**Work to complete**
Take the data below and copy exactly the lines starting at the one with "G050 Probe pin" and finishing at the one with "天津美术学院党委副书记、院长", both included.

**Record excerpts**
------------------------------------------------------------
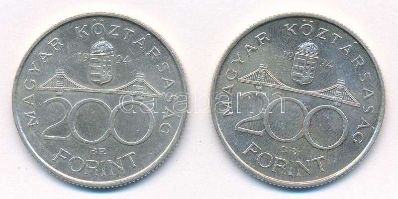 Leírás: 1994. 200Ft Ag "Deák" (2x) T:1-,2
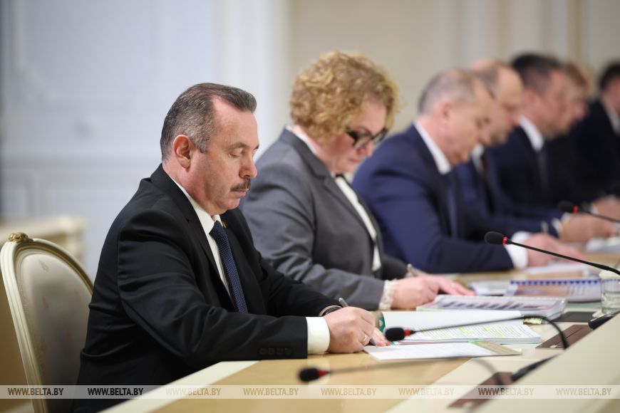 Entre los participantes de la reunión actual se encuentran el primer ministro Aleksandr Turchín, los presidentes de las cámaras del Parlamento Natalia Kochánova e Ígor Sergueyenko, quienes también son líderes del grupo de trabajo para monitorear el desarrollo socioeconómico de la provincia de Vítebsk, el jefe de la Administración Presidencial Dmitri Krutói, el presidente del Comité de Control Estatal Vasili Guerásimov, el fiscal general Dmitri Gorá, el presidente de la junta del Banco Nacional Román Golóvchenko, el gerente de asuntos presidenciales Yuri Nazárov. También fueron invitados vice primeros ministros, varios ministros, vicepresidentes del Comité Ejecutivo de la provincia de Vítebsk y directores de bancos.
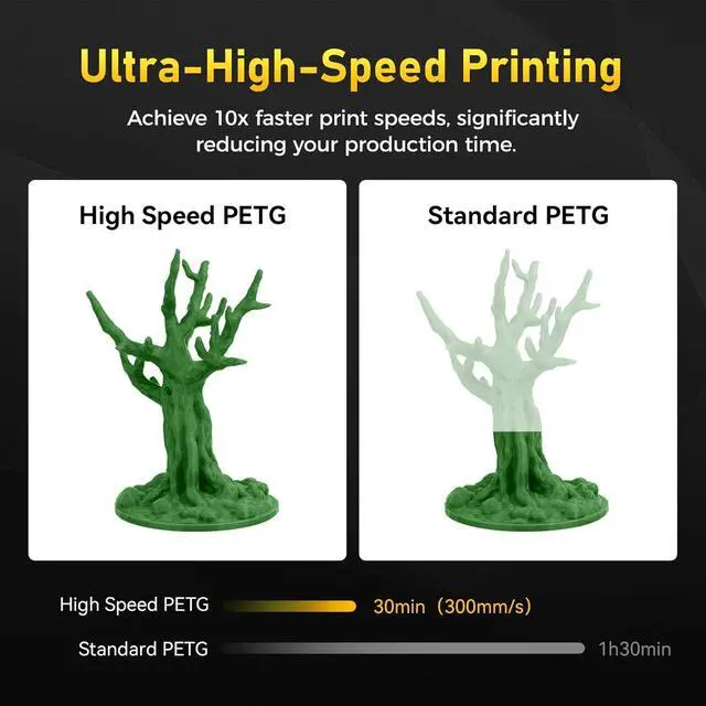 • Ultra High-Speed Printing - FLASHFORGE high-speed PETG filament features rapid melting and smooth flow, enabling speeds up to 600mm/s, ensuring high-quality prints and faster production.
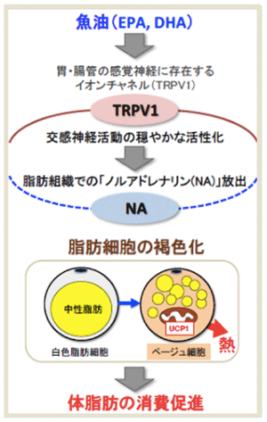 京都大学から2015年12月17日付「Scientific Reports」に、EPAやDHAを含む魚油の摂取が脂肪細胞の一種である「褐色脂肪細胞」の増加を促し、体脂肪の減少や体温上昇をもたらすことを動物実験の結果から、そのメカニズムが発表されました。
------------------------------------------------------------
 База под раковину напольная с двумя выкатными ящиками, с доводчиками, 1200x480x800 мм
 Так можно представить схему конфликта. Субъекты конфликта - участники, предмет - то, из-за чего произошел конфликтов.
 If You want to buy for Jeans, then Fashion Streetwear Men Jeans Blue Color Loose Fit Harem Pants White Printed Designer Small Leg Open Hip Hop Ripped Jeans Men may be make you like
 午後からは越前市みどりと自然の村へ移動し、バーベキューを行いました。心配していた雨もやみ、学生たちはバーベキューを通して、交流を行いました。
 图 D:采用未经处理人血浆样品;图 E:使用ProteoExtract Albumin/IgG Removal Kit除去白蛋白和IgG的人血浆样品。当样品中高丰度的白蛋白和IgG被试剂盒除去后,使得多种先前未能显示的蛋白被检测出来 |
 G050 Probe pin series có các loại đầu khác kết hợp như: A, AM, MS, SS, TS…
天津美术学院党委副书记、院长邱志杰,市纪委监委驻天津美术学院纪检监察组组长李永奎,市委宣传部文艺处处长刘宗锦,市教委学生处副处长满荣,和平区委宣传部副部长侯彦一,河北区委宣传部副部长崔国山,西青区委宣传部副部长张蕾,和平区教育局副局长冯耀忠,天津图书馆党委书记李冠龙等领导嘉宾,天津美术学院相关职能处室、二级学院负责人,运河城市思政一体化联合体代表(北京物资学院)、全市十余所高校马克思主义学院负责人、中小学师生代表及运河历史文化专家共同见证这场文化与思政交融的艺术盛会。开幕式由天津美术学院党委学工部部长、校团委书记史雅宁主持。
------------------------------------------------------------
**Answer to this task**
 G050 Probe pin series có các loại đầu khác kết hợp như: A, AM, MS, SS, TS…
天津美术学院党委副书记、院长邱志杰,市纪委监委驻天津美术学院纪检监察组组长李永奎,市委宣传部文艺处处长刘宗锦,市教委学生处副处长满荣,和平区委宣传部副部长侯彦一,河北区委宣传部副部长崔国山,西青区委宣传部副部长张蕾,和平区教育局副局长冯耀忠,天津图书馆党委书记李冠龙等领导嘉宾,天津美术学院相关职能处室、二级学院负责人,运河城市思政一体化联合体代表(北京物资学院)、全市十余所高校马克思主义学院负责人、中小学师生代表及运河历史文化专家共同见证这场文化与思政交融的艺术盛会。开幕式由天津美术学院党委学工部部长、校团委书记史雅宁主持。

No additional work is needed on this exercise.